简析

输入:valid_in , data_in[7:0]
输出:valid_out, data_out[11:0]
alt
注意,题目给出的波形图是data_lock不是data_in。但可以大概推断出输入输出的关系。
首先设置数据暂存器data_lock,每次都存入有效的输入数据。

reg [7:0] data_lock;
always@(posedge clk or negedge rst_n) begin
    if(~rst_n)
      	data_lock <= 0;
    else
      	data_lock <= valid_in? data_in: data_lock;
end

alt
每三个有效输入可以组成两个输出,而且每个输入都会有不同的valid_outdata_out。所以可以使用三状态状态机,三种状态分别对应第一个有效输入、第二个有效输入和第三个有效输入。

parameter ONE=1, TWO=2, THREE=3;
reg [1:0] state, nstate;

always@(posedge clk or negedge rst_n) begin
    if(~rst_n)
      	state <= ONE;
    else
      	state <= nstate;
end

always@(*) begin
    if(~rst_n)
      	nstate = ONE;
    else
      	case(state)
        	ONE    : nstate = valid_in? TWO  : ONE;
        	TWO    : nstate = valid_in? THREE: TWO;
        	THREE  : nstate = valid_in? ONE  : THREE;
        	default: nstate = ONE;
      	endcase
end

三种不同状态分别对应三种不同的输出。

always@(posedge clk or negedge rst_n) begin
    if(~rst_n)
      	data_out <= 0;
    else
      	case(state)
        	ONE    : data_out <= data_out;
        	TWO    : data_out <= valid_in? {data_lock, data_in[7:4]}: data_out;
        	THREE  : data_out <= valid_in? {data_lock[3:0], data_in}: data_out;
        	default: data_out <= 0;
      	endcase
end

最后,valid_out在第二和第三个有效输入后,也就是状态TWOTHREE,才为1,且只保持一个周期就会复位。

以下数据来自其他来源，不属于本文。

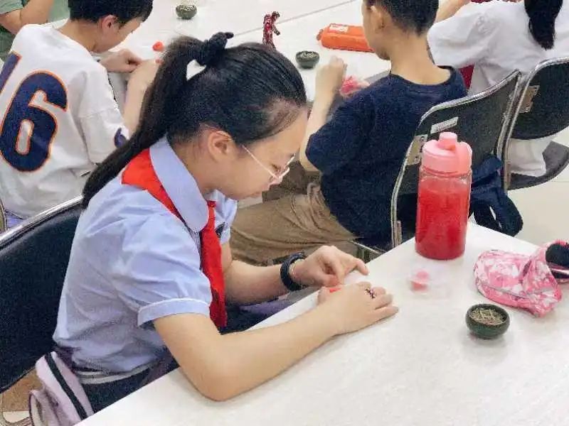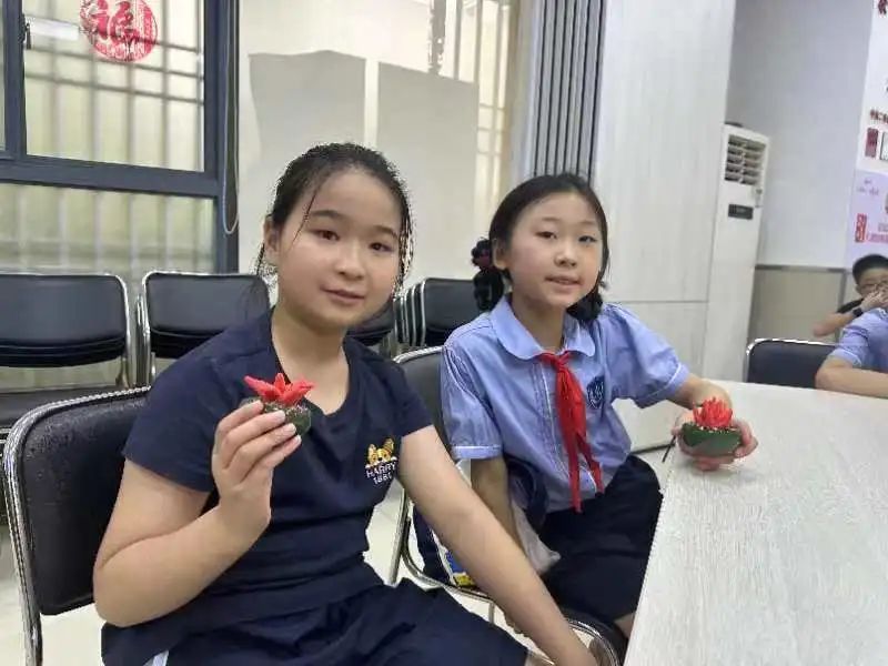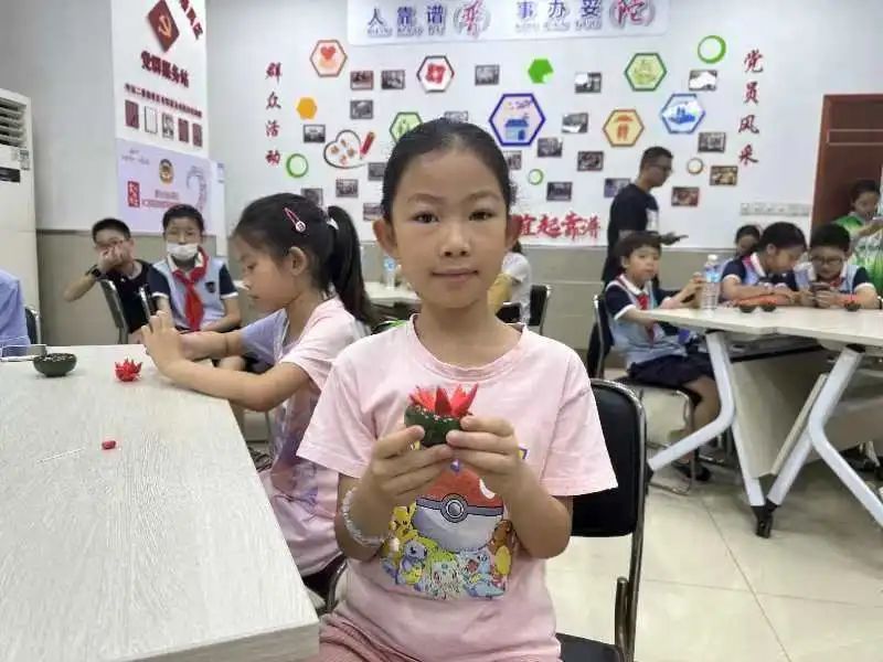 在老师的指导下,孩子们发挥创意才能,大胆创作,“捏、搓、揉”一连串动作之后,一盆盆用“面塑”技艺制成的多肉植物“火祭”呈现在课桌上,惟妙惟肖的株形,叶色火红,配上小巧的花盆形态逼真,看着亲手制作的面塑植物,孩子们既惊喜又兴奋。

always@(posedge clk or negedge rst_n) begin
    if(~rst_n)
      	valid_out <= 0;
    else
      	valid_out <= (state==TWO||state==THREE)&&valid_in;  //valid_in用来使valid_out只拉高一个周期
end

代码

`timescale 1ns/1ns

module width_8to12(
	input 				  clk 		,   
	input 			      rst_n		,
	input				  valid_in	,
	input	[7:0]		  data_in	,
 
 	output  reg			  valid_out,
	output  reg [11:0]    data_out
);
    parameter ONE=1, TWO=2, THREE=3; 
    reg [1:0] state, nstate;
    reg [7:0] data_lock;
    
    always@(posedge clk or negedge rst_n) begin
        if(~rst_n)
            state <= ONE;
        else
            state <= nstate;
    end
    
    always@(*) begin
        if(~rst_n)
            nstate = ONE;
        else
            case(state)
                ONE    : nstate = valid_in? TWO  : ONE;
                TWO    : nstate = valid_in? THREE: TWO;
                THREE  : nstate = valid_in? ONE  : THREE;
                default: nstate = ONE;
            endcase
    end
    
    always@(posedge clk or negedge rst_n) begin
        if(~rst_n)
            data_lock <= 0;
        else
            data_lock <= valid_in? data_in: data_lock;
    end
    
    always@(posedge clk or negedge rst_n) begin
        if(~rst_n)
            data_out <= 0;
        else
            case(state)
                ONE    : data_out <= data_out;
                TWO    : data_out <= valid_in? {data_lock, data_in[7:4]}: data_out;
                THREE  : data_out <= valid_in? {data_lock[3:0], data_in}: data_out;
                default: data_out <= 0;
            endcase
    end
    
    always@(posedge clk or negedge rst_n) begin
        if(~rst_n)
            valid_out <= 0;
        else
            valid_out <= (state==TWO||state==THREE)&&valid_in;
    end
endmodule